Given d dice each with n sides, find the probability that when they are rolled at once, there are no two consecutive numbers.

This task may be quite difficult. For a warm-up, try finding the numerators for fixed d such as {1,2,3} or for fixed n such as {2,3,4}.

Note 1: I don't have a formula so much as an algorithm.
Note 2: This problem arose as an attempt to solve http://perplexus.info/show.php?pid=12342 by Larry which uses non-independent cards instead of dice.

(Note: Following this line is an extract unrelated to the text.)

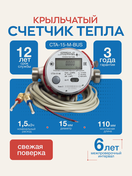 Напрямую от производителя. Всегда свежая поверка и дата изготовления! Счетчик тепла механический (тахометрический) квартирный теплосчетчик/счетчик тепла пульс СТА 15-М (протокол M-bus) предназначен для измерения потреблённой тепловой энергии ( в Гкал) в домах с горизонтальной разводкой систем отопления . Для считывания данных и интеграции в автоматизированные системы контроля и учета энергоресурсов (аскуэ), теплосчетчик использует протокол M-bus. Данная модель является универсальной, подходит для монтажа на подающий и обратный трубопровод, в зависимости от установки термопар. Межповерочный интервал 6 лет! Срок службы 12 лет. Счетная голова прибора не съемная , поворотная. Модель СТА-15 очень компактная, это имеет большое значение в том случае, если в коллекторе место ограничено. Важно! Все теплосчетчики пульс СТА 15 имеют выход под диспетчеризацию (импульсный или RS-485 или M-bus) . Этот выход имеет значение только в том случае, если у вас в доме организован автоматический сбор данных. Если вы снимаете показания визуально, то на этот выход можно не обращать внимание и покупать любой! Если у вас установлен теплосчетчик другого производителя и подошел срок замены, можете приобретать теплосчетчик пульс СТА 15, обратив внимание на диаметр условного прохода ДУ 15 и выход под диспетчеризацию (если она у вас имеется). Монтажная длина у всех квартирных теплосчетчиков стандартная и составляет 110 мм.
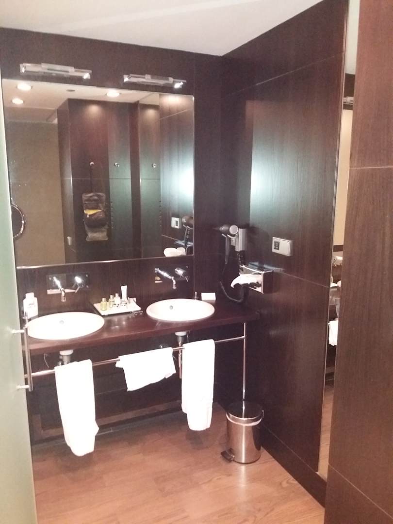 ZimmerDas Badezimmer. Links davon befindet sich die durch eine Glasscheibe getrennte Dusche/Badewanne/Toilette

For d dice each with n sides, the probablity of no consecutives is a numerator over a denominator.  In the case of a single die, it's impossible to have consecutives, so the probability of no consecutives is 1.  For d=1, a single die, the numerator and denominator are both n.
So far, I've worked out the pattern for the denominator:  
For d=2, the denominator is the n-th triangular number.
For d=3, the denominator is the sum of the first n triangular numbers.
For d=4, the denominator is the sum of the sum of the first n triangular numbers.
etc.
I don't have a pattern for the numerators yet.
---
Below is a Python function to compute the desired probablility for d dice each with n sides.
---
from itertools import combinations_with_replacement

def isConsec(aList):
    sList = sorted(aList)
    for ind,num in enumerate(sList):
        if ind == 0:
            continue
        if sList[ind] - sList[ind-1] == 1:
            return True
    return False

def p_no_consec(d,n):
    denom = 0
    numerator = 0
    numbers = [i for i in range(1,n+1)]
    for roll in combinations_with_replacement(numbers,d):
        lroll = list(roll)
        denom += 1
        if not isConsec(lroll):
            numerator += 1
    
    return  [numerator, denom, numerator/denom]

Posted by Larry on 2021-01-26 09:08:39